Although cross-dressing was not in itself a crime, and was actually a popular form of burlesque entertainment at the time in which both Fanny and Stella had enjoyed some success, the Victorian state was keen to make the case – presented by Attorney General Sir Robert Collier himself – that their cross-dressing was part and parcel of their abominable sodomy and the “confusion” of the natural and godly gender order it represented.

The male anus dressed as a vagina.

This approach also backfired, spectacularly. Digby Seymour for the defence asked the court:

“Would young men engaged in the exchange of wicked and accursed embraces put on the dresses of women and go to theatres and public places for the purpose of exciting each other to the commission of this outrageous crime?”

In other words, the very obviousness and shamelessness of Stella and Fanny’s (deliciously outrageous) behaviour was presented as proof that they could not possibly be guilty. Which, in a strange, 20th-century gay pride sense, was sort of true.

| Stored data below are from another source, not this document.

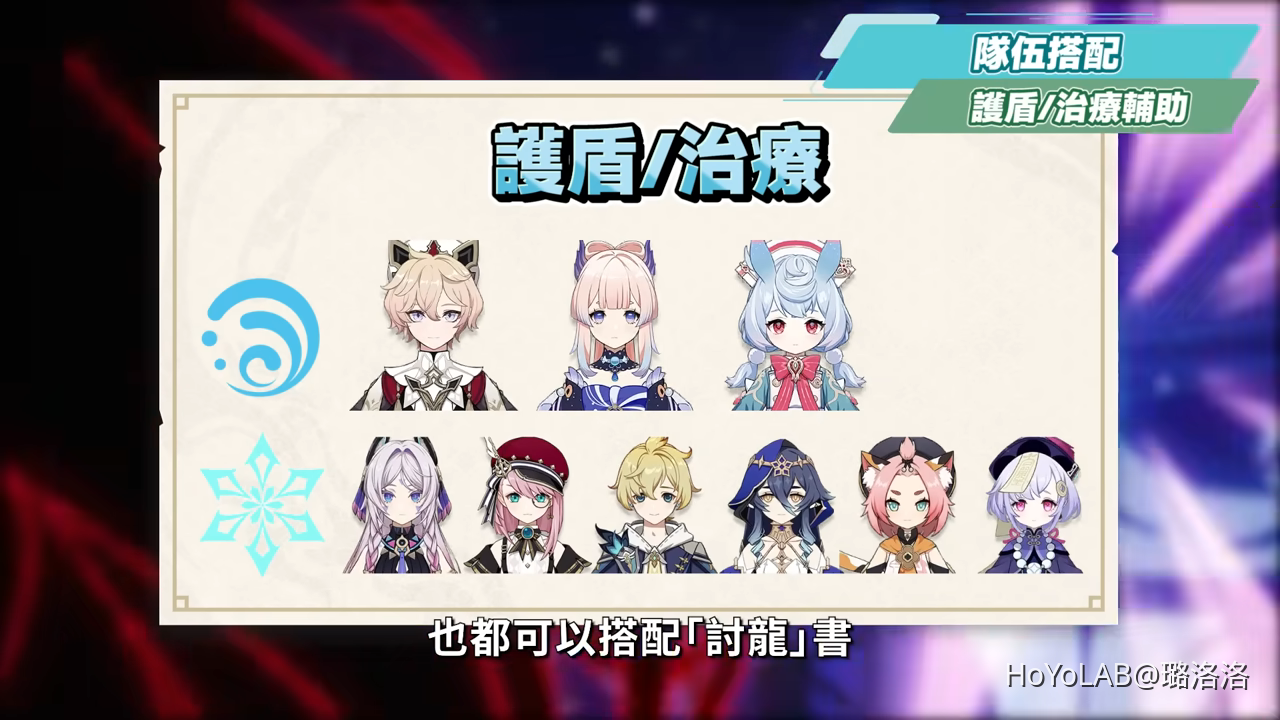 而在護盾/治療輔助人選上也有很多角色可以選擇,盡量優先選擇有增傷能力的,像是其中可以拿法器的角色也都可以搭配「討龍」書,提供額外的加攻輔助能力,像是夏洛蒂、心海、芭芭拉等等。而其中米卡和塔利亞這兩個角色除了在提供治療和護盾輔助上,還有提供加攻速的效果,由於絲柯克站場普攻時,若提高攻速也可以增加DPS,因此也變像是增傷的一種方式,所以這兩個角色也可以選擇,甚至是一起搭配,一人穿「宗室」4件、一人穿「昔時」4件,只是攻速加成到一定程度後,傷害的表現上就不會再更高了,因此建議是搭配其中一個攻速輔助就好。
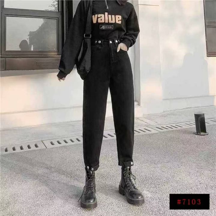 秋冬新款洗水棉宽松百搭牛仔老爹哈伦裤,独立包装带吊...
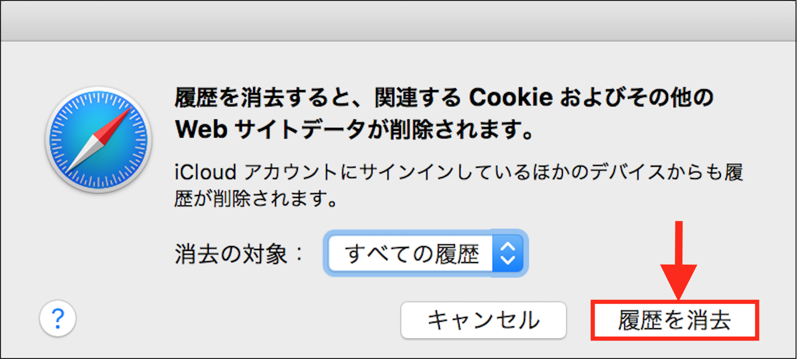 「Safari」メニュー >「履歴を消去」、或いは「履歴」メニュー >「履歴を消去」を選択すると表示されるダイアログで、
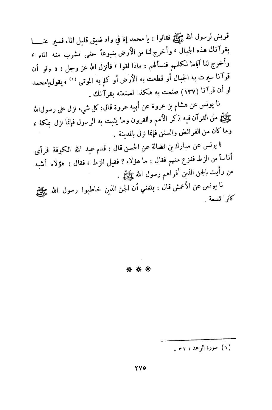 نا يونس عن الأعمش قال: بلغني أن الجن الذين خاطبوا رسول الله صلى الله عليه وسلم كانوا تسعة.
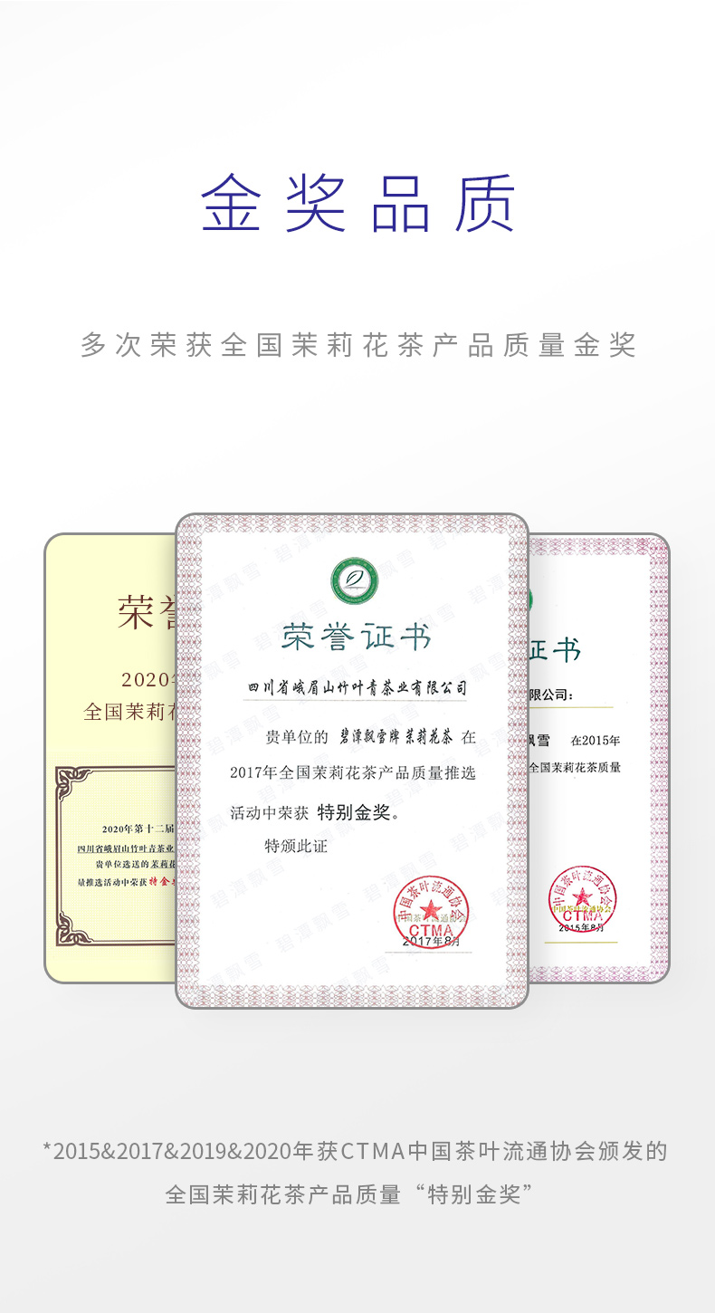 中国制茶大师徐金华(徐公)传承 古方制作技艺 开创新派茉莉花茶 精选峨眉高山明前春茶 配以广西横县双瓣茉莉 花与茶,黄金配比 时间酝酿,层层历练 花香与茶香交融 盖碗之间 仿佛茉莉花在舌尖绽放

But the defence’s ace in the, er, hole was a final, irresistible appeal to patriotism. “I trust that you will pronounce by your verdict,” intoned Digby Seymour, “that London is not cursed with the sins of Sodom, or Westminster tainted with the vices of Gomorrah.”

The jury did its duty and the “foolish” young men, as their defence termed them, were acquitted – having fooled most of their customers, the doctors, the courts, and the imperious Victorian state.